Theatre majors are expected to enhance their learning experience with at least one course each in Art/English, Performance Studies and Philosophy. Students with a double major or those obtaining a secondary teaching certificate are exempt from these co-requirements.
Art/English: one from Art 1030, 1040, ENG 2050, 3090, SCAN 3200
Performance Studies: COMM 2240
Philosophy: PHIL 3515
The following descriptions are a sample of courses you may take as a theatre and performance studies major. For a complete list of required courses, please review the academic catalog.
An introduction to theatre through the Chicago lens.
An introduction into how to analyze a play and how to write for the discipline of theatre.
The study and practice of dramatic writing for theater and film. Focus on the writer's process, character development, story, structure, adn the completion of a one-act play or a short screenplay. Cross-listed with ENG 3320.
Advanced study in writing the full-length stage play or full-length screenplay.
A study of the religious, political, and cultural sources of theatre; how theatre practice and dramatic literature developed in Classical Greece and Japan.
A study of the religious, political, and cultural sources of theatre; how theatre practice and dramatic literature developed in the English Renaissance including medieval drama.
A study of the religious, political, and cultural sources of theatre; how theatre practice and dramatic literature developed in Modern Europe.
A study of the religious, political, and cultural sources of theatre; how theatre practice and dramatic literature developed in the American theatre.
A study of the religious, political, and cultural sources of theatre; how theatre practice and dramatic literature developed in the contemporary world theatre.
Establishes the foundation of acting technique through the genre of realism by building confidence, growing stage presence and expanding creative thought.
Introduction to staging a dramatic play. Students conceive, workshop, and direct a short one-act play.
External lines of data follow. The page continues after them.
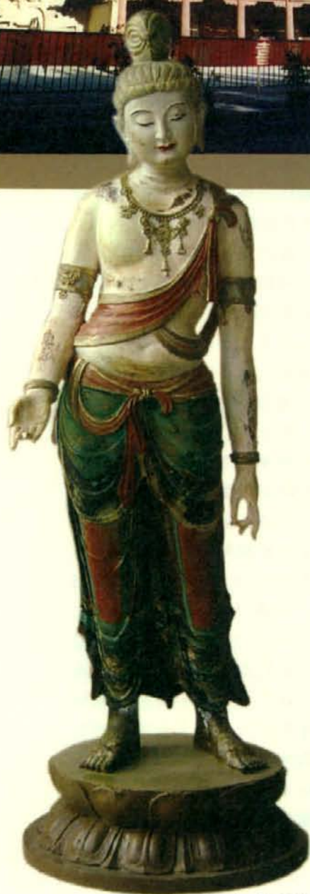
莫高窟中的精美泥塑

商人传来了敦煌莫高窟发现藏经洞的消息。于是，这支古代文化劫掠的“八国联军”又先后动身，急急向坐落在塔克拉玛干沙漠和罗布荒漠东面的敦煌奔去。
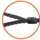
Correa de tela
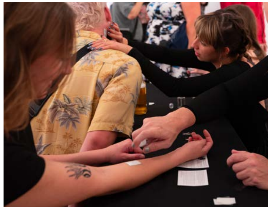
Surfaces sensibles, performance dans le cadre de l'exposition The Undead Archives , Winnipeg, 2023
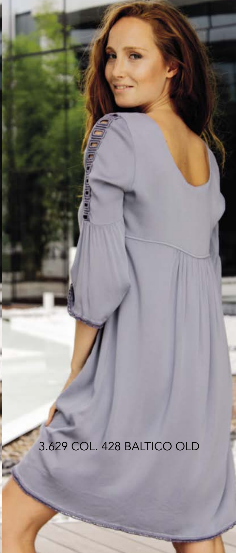
3.629 COL. 428 BALTICO OLD
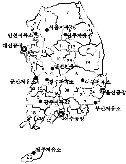
〈그림 2〉 수요존의 구분
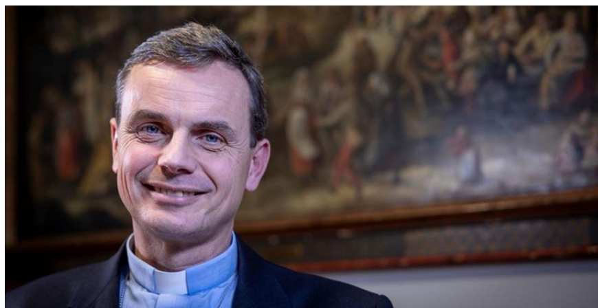
Luc Terlinden Archevêque de Malines-Bruxelles

« La paix soit avec vous ! » : c'est aussi le vœu que, de tout cœur, je formule pour vous et pour notre monde en cette fête de Pâques !
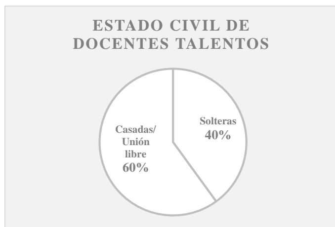
Ilustración 4. Estado civil docentes TALENTOS

Las profesiones de bases de las docentes de TALENTOS que participaron en la investigación se puede decir: El 60% (n=3) cuentan con título profesional, licenciatura y otros, el 40% (n=2) cuentan con técnicas. El tiempo de antigüedad en el cargo es igual al de experiencia, entre 0 a 5 años (n=2) el 40%, entre la edad de 6 a 10 años (n=2) el 40% y el 20% (n=1) cuenta con 17 años de experiencia en la institución y en el cargo.
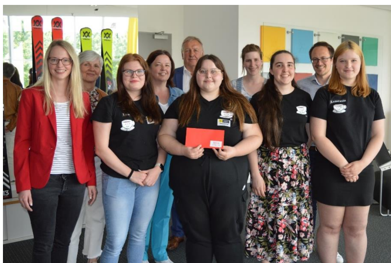
Sieger Seniorstaffel Team „C.E.D.CAFE“ Staatliche Fach- und Berufsoberschule Straubing

23. Mai 2023 – Firma Völkl Sports GmbH & Co. KG
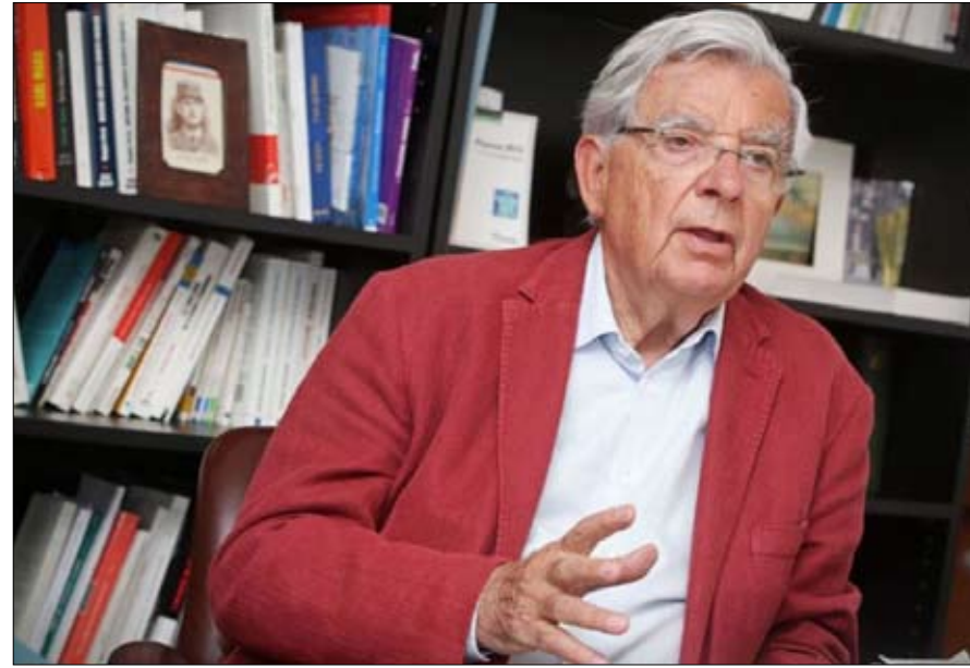
جان بيير شوفينمان

•• الفجر - اريك دوبان ترجمة خيرة الشيباني غالباً ما أعطى مسار الأحداث الحق لجان بيير شوفينمان، فقد حذر من الفوضى التي ستنتج عن التدخل الغربي في العراق .. وتوقع أن اليورو من شأنه أن يقصد الصناعة الفرنسية وسيوسع اختلالات داخل أوروبا، واستبق أيضاً، منذ أمد بعيد، العودة إلى قيم الجمهورية في فرنسا التي بات الجميع يقتسل بها اليوم. لهذا السبب، هناك أكثر من فائدة في قراءة أثره الأخير. في ما يقارب 500 صفحة، لم يكتفي شوفينمان فقط بتقديم ملخص للتحليلات التي سبق أن وضعها، مدعومة بدراسات تاريخية وجيوسياسية مثيرة للاعجاب، فالوزير السابق، 77 عاماً، يقترح أساساً شكلاً من الوصية السياسية، مصحوبة بسلسلة من التحذيرات التي يجب أن تُسمع.
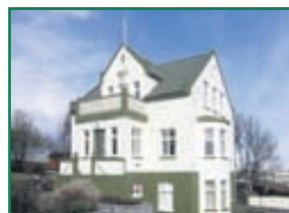
Klapparstígur 1 Fallegt 6-7 herbergja einbýlishús með aukaíbúð á góðum útsýnisstað við Klapparstíg á Akureyri. Eignin hefur fengið gott viðhald og er í góðu ástandi. Eignin er skráð á tvö fastanúmer. Stærð 222,3fm Verð 57,0millj.
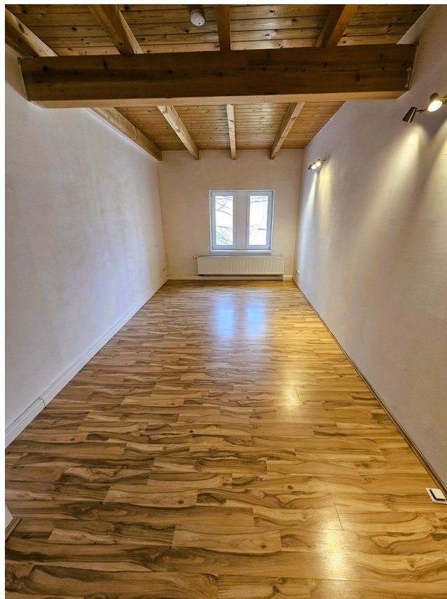
Bsp. Küche vor Sanierung
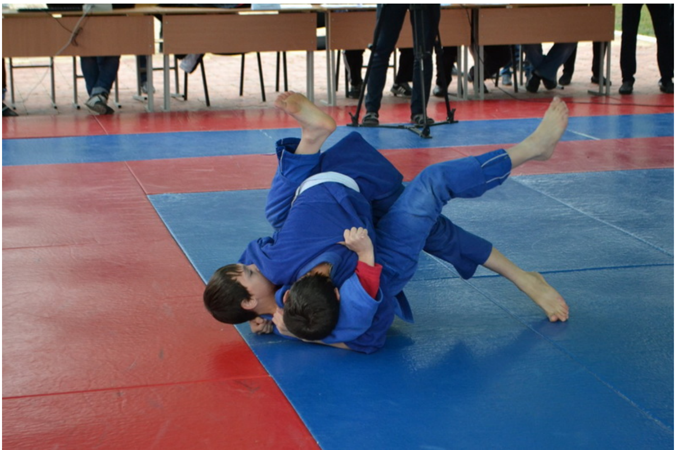
Турнир по дзюдо в с.Б-Варанды
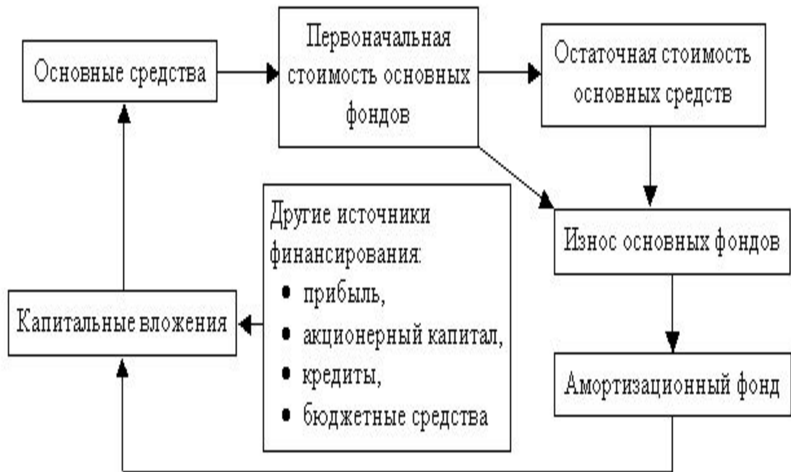
Рис. 8. Крутооборот стоимости основных фондов (средств)
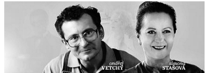
OD TVŮRČŮ filmu LÁSKA JE LÁSKA
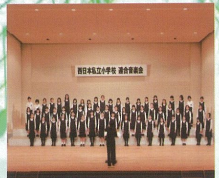
京都聖母学院小学校合唱団
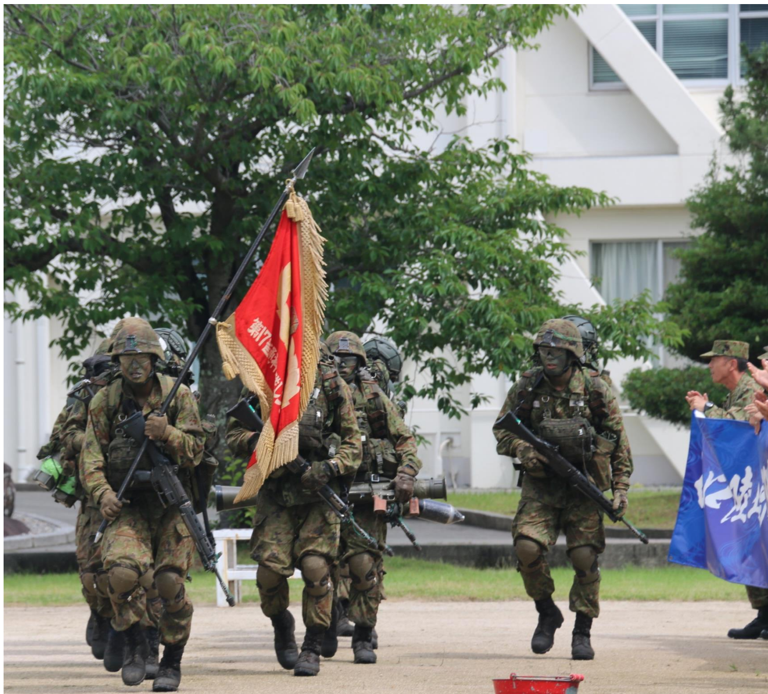
部隊集合教育「レンジャー」帰還式
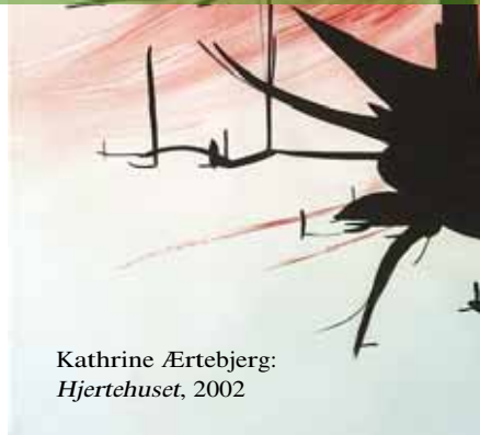
Kathrine Ærtebjerg: Hjertehuset , 2002

An introduction to principles and skills for designing stage scenery, costume and lighting.
Extends skills developed in other courses in the Theatre and Performance Studies curriculum and develops material for the One-Act Festival. May be repeated for 0, 1 or 2 credits. Consent of instructor required.
An introduction to principles and skills for Production and Stage Management.
An introduction to principles and skills for lighting and sound design.
An introduction to principles and skills for scenic and costume design.
Course is devoted to the business aspects of theatre.
Advanced seminars that examine theory and practice of Theatre and Performance studies. Recent Topics courses include: Intercultural Theatre and Film, Social Movements, Peace and Performance, Women in Theatre and Performance. Students will be expected to synthesize and extend their earlier work in this department.
Occasional gathering, approximately four each semester, will enable students to complete professional portfolios, and develop plans for post-graduate professional or educational work.
Students are urged to take advantage of outstanding Chicago-area internships to develop skills, academic and professional interests. Internships may not substitute for major requirements or departmental courses but do count toward the total hours needed to graduate. Please refer to teh Internship section of the catalog for internship requirements and guidelines.
Introduction and application of the elements of visual language. Studies in shape, color, line, texture, and value as they relate to two-dimensional art.
Elements of visual language as they apply to three-dimensional art. Projects based on the study of volume, space, line, color, and texture.
The study and practice of the major forms of creative writing. The course will be taught as a seminar, emphasizing the study of model texts and the development of students' work.
A study of Shakespearean drama, including selected comedies, tragedies, and romances. Cross-listed with COMM 3090.
Course offered in English. Lectures with reading, discussion, analysis, and synthesis of representative plays of Scandinavia's two internationally significant dramatists.
This course is an introduction to the field of performance studies. The course will include aesthetic performances (literature, theatre, art, dance, and visual media), ethnographic performances (personal narratives and narratives of others), and other cutural sources. We will explore the relationship of performance studies to related fields, while placing an emphasis on performance and social change. We will attend live performances in Chicago.
A seminar course on selected problems and topics in the area of aesthetics, e.g., the nature and meaning of aesthetic value, the problem of aesthetic judgment.